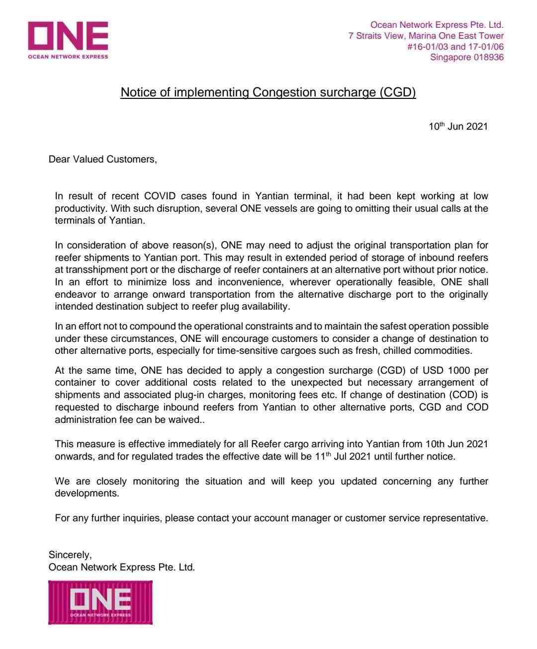 与此同时,ONE决定对每个集装箱征收1000美元的拥挤附加费,以支付因意外但必要的运输安排以及相关的插头费用、监控费用等所产生的额外费用。如要求更改目的港(COD)将入港冷藏箱从盐田卸至其他替代港口,可免除CGD和COD管理费。
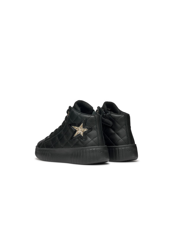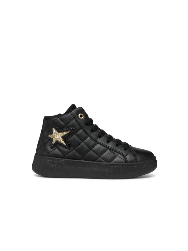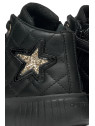 Sneakers pour fille décontractées et féminines, modèle incontournable du style streetwear citadin. Déclinées en noir ou doré, ces chaussures arborent une étoile scintillante de couleur or sur la tige, qui donne une touche glamour à n’importe quelle tenue quotidienne. Réalisées en matière à effet cuir, tissu et matière à paillettes, les Mikiroshi sont souples, légères et respirantes.
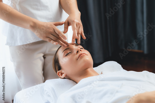 Caucasian woman enjoying relaxing anti-stress head massage and pampering facial beauty skin recreation leisure in dayspa modern light ambient at luxury resort or hotel spa salon. Quiescent
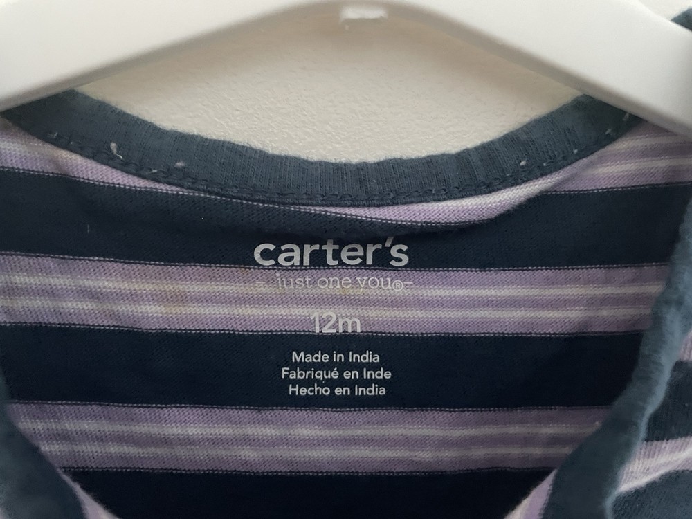 Brand: Carter's Neckline: Henley Season: Fall, Spring, Summer Seller Notes: “In fair condition. There are stains on the front and back. Free of rips.” Occasion: Casual Closure: Snap Style: Romper Number of Pieces: 1 Piece Set Includes: Shorts Sleeve Length: Short Sleeve Features: Comfort, Easy Care, Lightweight, Stretch Garment Care: Machine Washable Type: One-Piece Material: 100% Cotton Character: Boy Color: Blue Department: Boys Size: 12 Months Pattern: Striped Country of Origin: India
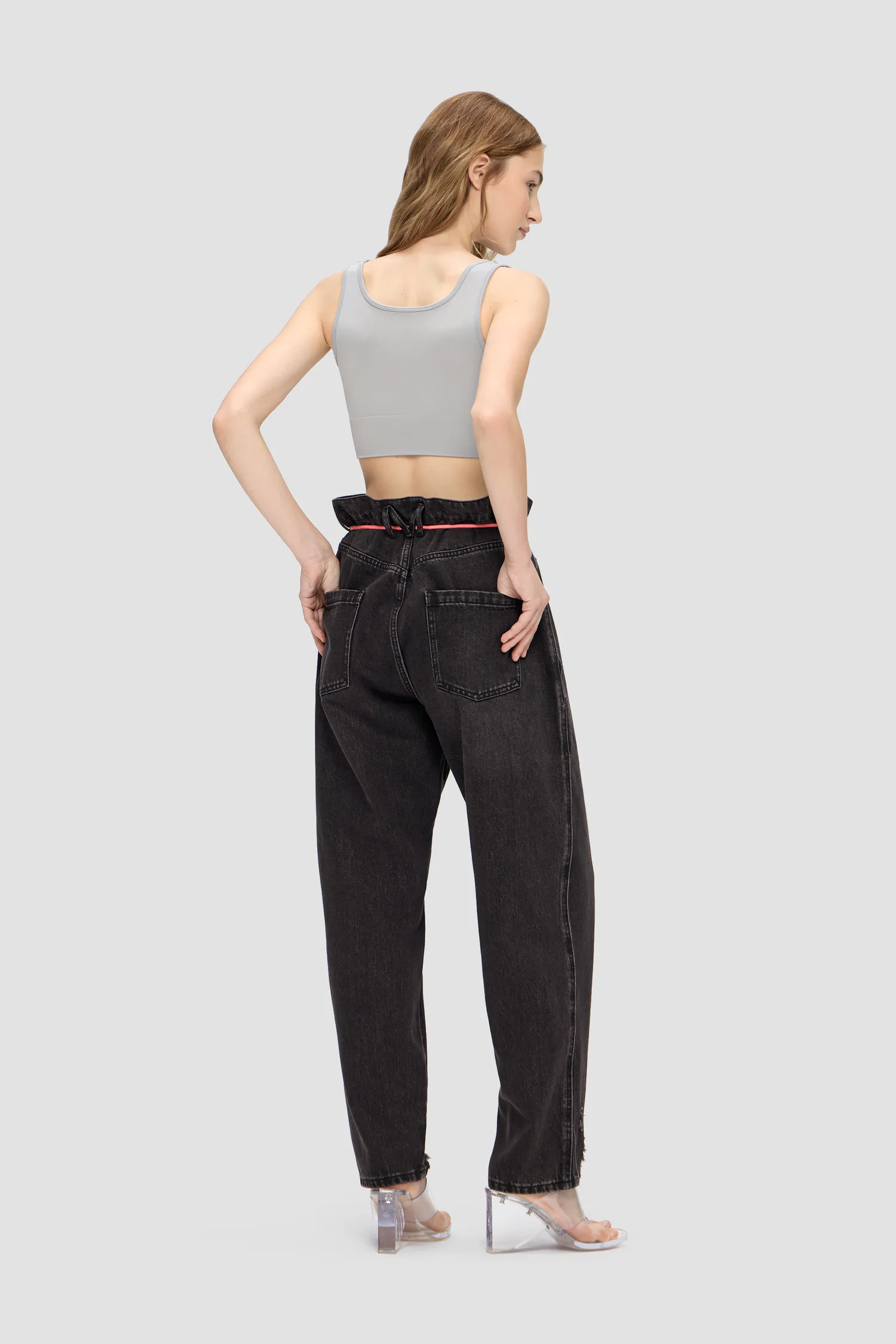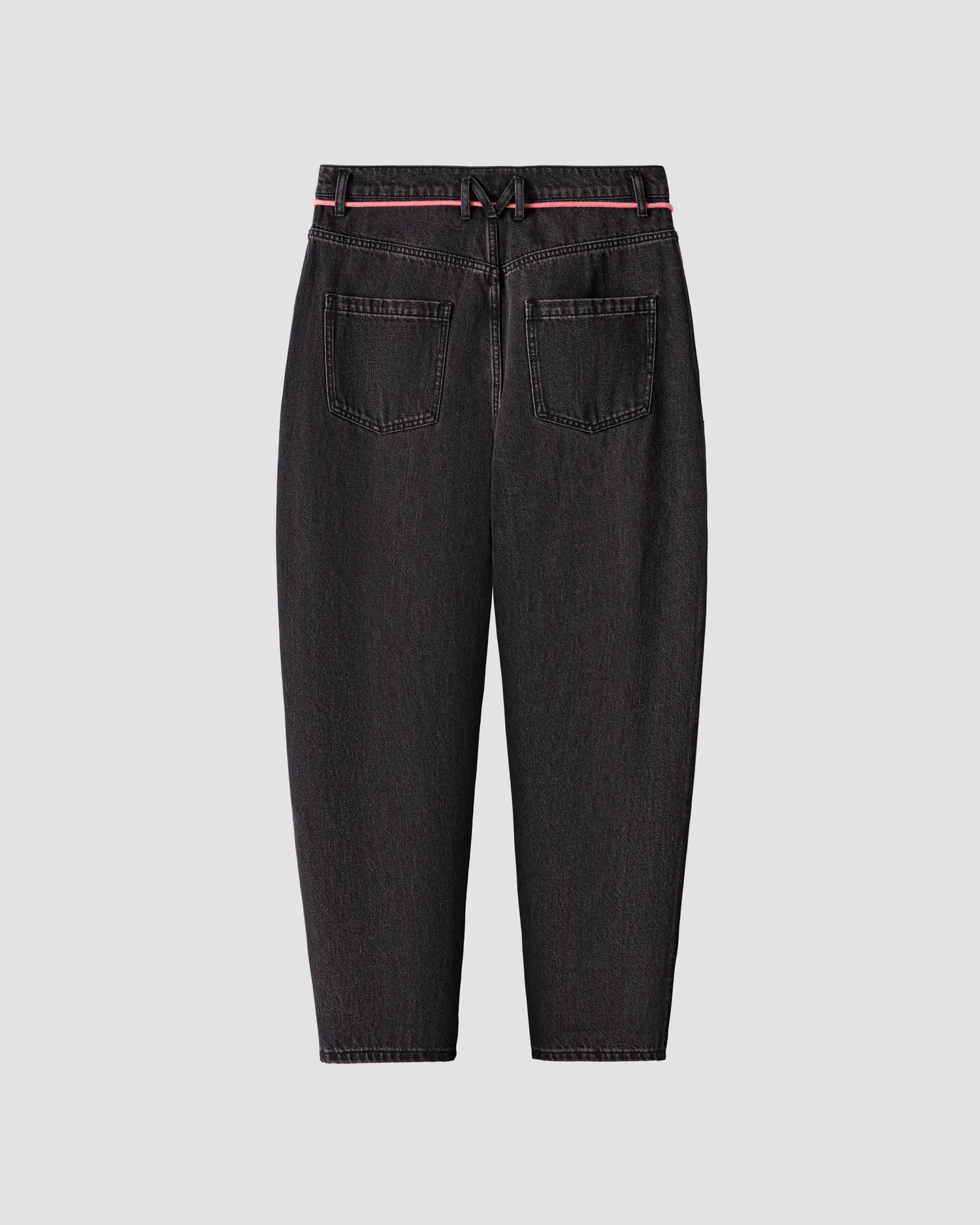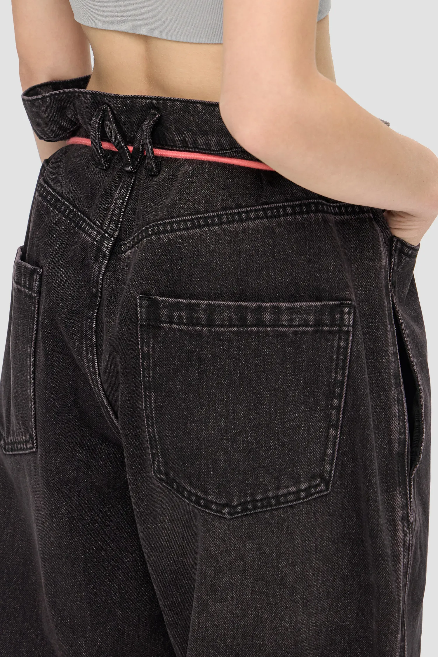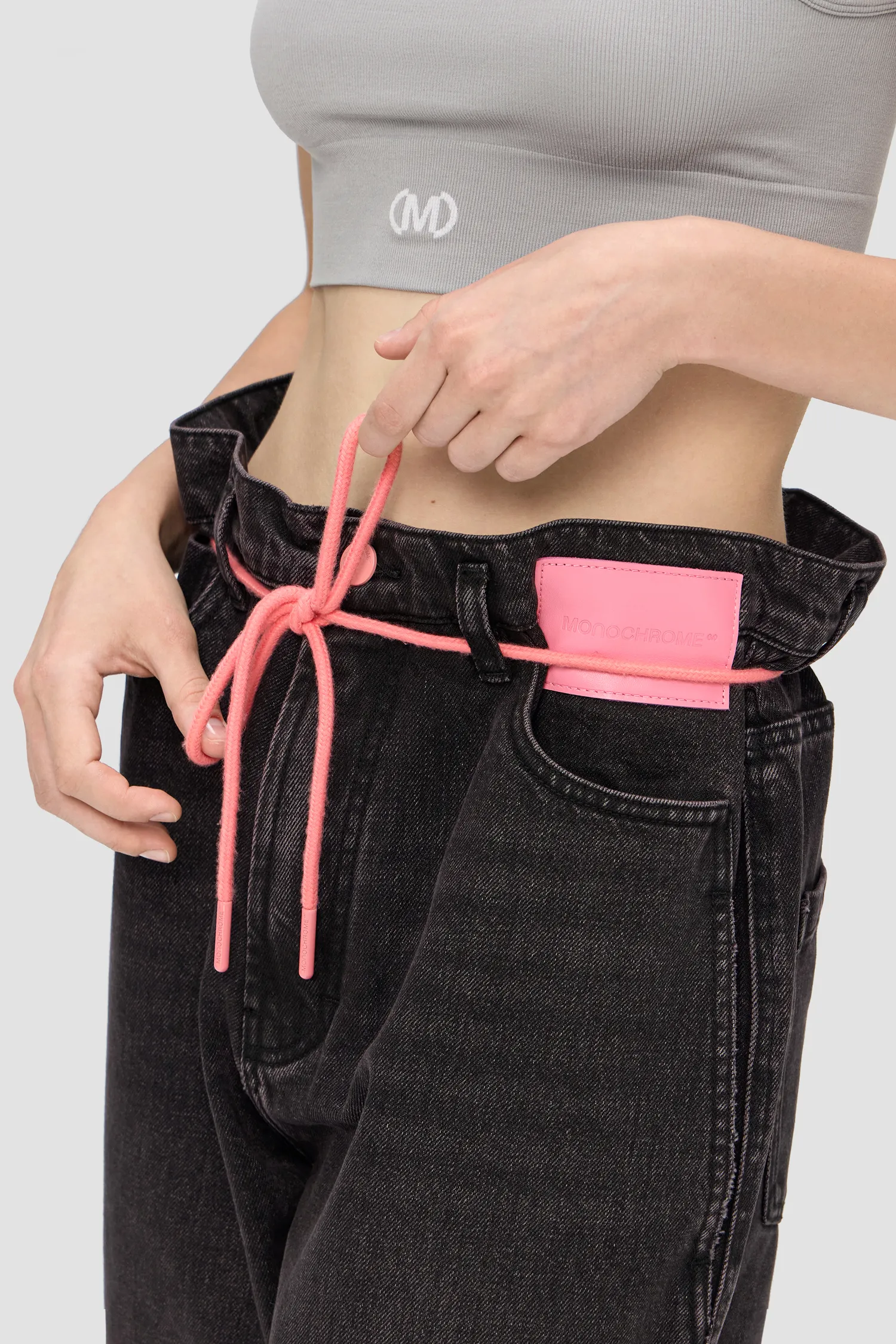 Джинсы из смесового хлопка широкого кроя baggy. Винтажная варка и дистресс-эффект с декоративными дырками по нижнему краю изделия. Петли для ремня переплетены в виде фирменной М с задней стороны. Пять карманов. Застежка на молнию и пуговицу спереди. В комплекте идет розовый шнурок для талии. Кожаный розовый лейбл спереди. Упаковка в подарочную коробку.

□ □ □ □

* [Work required] Write out every record above exactly, leaving no picture in the result.

* [Output for this task]
 与此同时,ONE决定对每个集装箱征收1000美元的拥挤附加费,以支付因意外但必要的运输安排以及相关的插头费用、监控费用等所产生的额外费用。如要求更改目的港(COD)将入港冷藏箱从盐田卸至其他替代港口,可免除CGD和COD管理费。
 Sneakers pour fille décontractées et féminines, modèle incontournable du style streetwear citadin. Déclinées en noir ou doré, ces chaussures arborent une étoile scintillante de couleur or sur la tige, qui donne une touche glamour à n’importe quelle tenue quotidienne. Réalisées en matière à effet cuir, tissu et matière à paillettes, les Mikiroshi sont souples, légères et respirantes.
 Caucasian woman enjoying relaxing anti-stress head massage and pampering facial beauty skin recreation leisure in dayspa modern light ambient at luxury resort or hotel spa salon. Quiescent
 Brand: Carter's Neckline: Henley Season: Fall, Spring, Summer Seller Notes: “In fair condition. There are stains on the front and back. Free of rips.” Occasion: Casual Closure: Snap Style: Romper Number of Pieces: 1 Piece Set Includes: Shorts Sleeve Length: Short Sleeve Features: Comfort, Easy Care, Lightweight, Stretch Garment Care: Machine Washable Type: One-Piece Material: 100% Cotton Character: Boy Color: Blue Department: Boys Size: 12 Months Pattern: Striped Country of Origin: India
 Джинсы из смесового хлопка широкого кроя baggy. Винтажная варка и дистресс-эффект с декоративными дырками по нижнему краю изделия. Петли для ремня переплетены в виде фирменной М с задней стороны. Пять карманов. Застежка на молнию и пуговицу спереди. В комплекте идет розовый шнурок для талии. Кожаный розовый лейбл спереди. Упаковка в подарочную коробку.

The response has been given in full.